Più spesso sintomi deboli …
Ma quali sono, dal punto di vista strettamente sanitario, le caratteristiche della malattia? E’ ancora Bellini a introdurre l’argomento: “Diciamo che le notizie dei media hanno creato spesso allarmismi esagerati: nel 90% dei casi il virus resta silente o dà sintomi deboli che non preoccupano. Solo in pochi casi, e soprattutto negli individui più deboli, il virus supera la membrana encefalica e aggredisce il cervello, portando anche al decesso”. Più nello specifico si può dire che il periodo di incubazione della malattia, ovvero il periodo compreso tra l’infezione e lo sviluppo dei primi sintomi, è tipicamente compreso tra 2 e 15 giorni. Secondo uno studio scientifico circa 1 paziente su 4 (il 26%) con infezione da West Nile virus è destinato a divenire sintomatico. I sintomi iniziali dell’infezione da virus del Nilo occidentale sono rappresentati dalla comparsa di febbre moderata che in genere perdura da tre a sei giorni. Ad essa si associa spesso un senso di malessere generalizzato, anoressia, nausea, cefalea. Si tratta, come si vede, di una tipica sintomatologia simil-influenzale.
…ma quando si aggravano…
Ad essa può fare seguito la comparsa di dolore oculare, mal di schiena, mialgie,artralgie,tosse, eruzioni cutanee,linfadenopatia e dispnea. Alcuni pazienti possono sviluppare disturbi che interessano in modo particolare l’apparato gastrointestinale. In questo caso il quadro clinico è dominato da nausea, vomito e diarrea. In meno del 15% dei casi, di solito nei soggetti anziani e in quelli più deboli, possono verificarsi alcune gravi complicazioni neurologiche quali meningite asettica, encefalite oppure meningoencefalite. I sintomi più comunemente riportati da pazienti ospedalizzati con disturbi neurologici sono: febbre elevata, marcata cefalea, estrema debolezza, disorientamento,tremori. Una minoranza di pazienti manifesta anche eruzioni maculopapulari o morbilliformi sul tronco, collo, arti superiori ed inferiori. La più comune manifestazione oculare della malattia da virus del Nilo occidentale è invece rappresentata da una corioretinitemultifocale. Generalmente il malato si rimette spontaneamente in 3-5 giorni, ma la malattia può essere anche mortale, specialmente in individui anziani e immunodepressi. La malattia non prevede contagio uomo-uomo. E’ molto importante, in presenza di febbri estive, prestare molta attenzione alla fase diagnostica, per riconoscere tempestivamente i sintomi tipici del virus.

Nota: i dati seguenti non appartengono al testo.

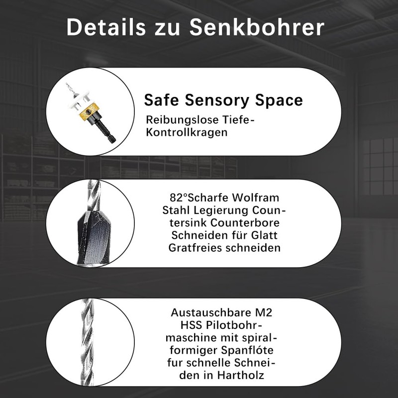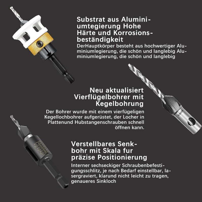 - MATERIAL The drill countersinks are made of alloy for sharp drilling and sturdy construction for longer durability.
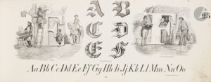 Puis à partir de la planche vingt-trois, débute un abécédaire illustré avec deux grandes initiales (y compris le W, les lettres doubles et l’esperluette) faisant partie d’un décor, dont de nombreuses sont issues de planches françaises signées par Victor Adam. Sans légendes, les initiales sont soulignées d’un texte ou d’une ligne d’alphabet. Dans la même mise en pages, suivent les chiffres jusqu’à douze. Prières et commandements précèdent une page de signes pour les marchands et les échanges commerciaux.

L’Italia particolarmente colpita
Essendo la zanzara il veicolo del virus nei confronti dell’uomo, tutto quanto si può fare per allontanarne o evitarne del tutto la presenza, dalle zanzariere ai repellenti, fino al controllo delle acque stagnanti, si può rivelare utile. Bisogna dire anche, tuttavia, che in Italia il problema zanzare è particolarmente serio non solo per motivi ambientali-climatici, ma anche strutturali: “Ho viaggiato moltissimo per il mondo frequentando le zone più colpite dalle zanzare e devo ammettere –dice Bellini- che in nessun posto ho visto una presenza tanto massiccia di zanzara tigre come abbiamo nelle nostre città, nemmeno in Africa o in Asia. Fra i principali responsabili di questa situazione vanno annoverati gli elementi strutturali, come il sistema fognario sifonato che crea ristagni particolarmente favorevoli allo sviluppo delle zanzare”.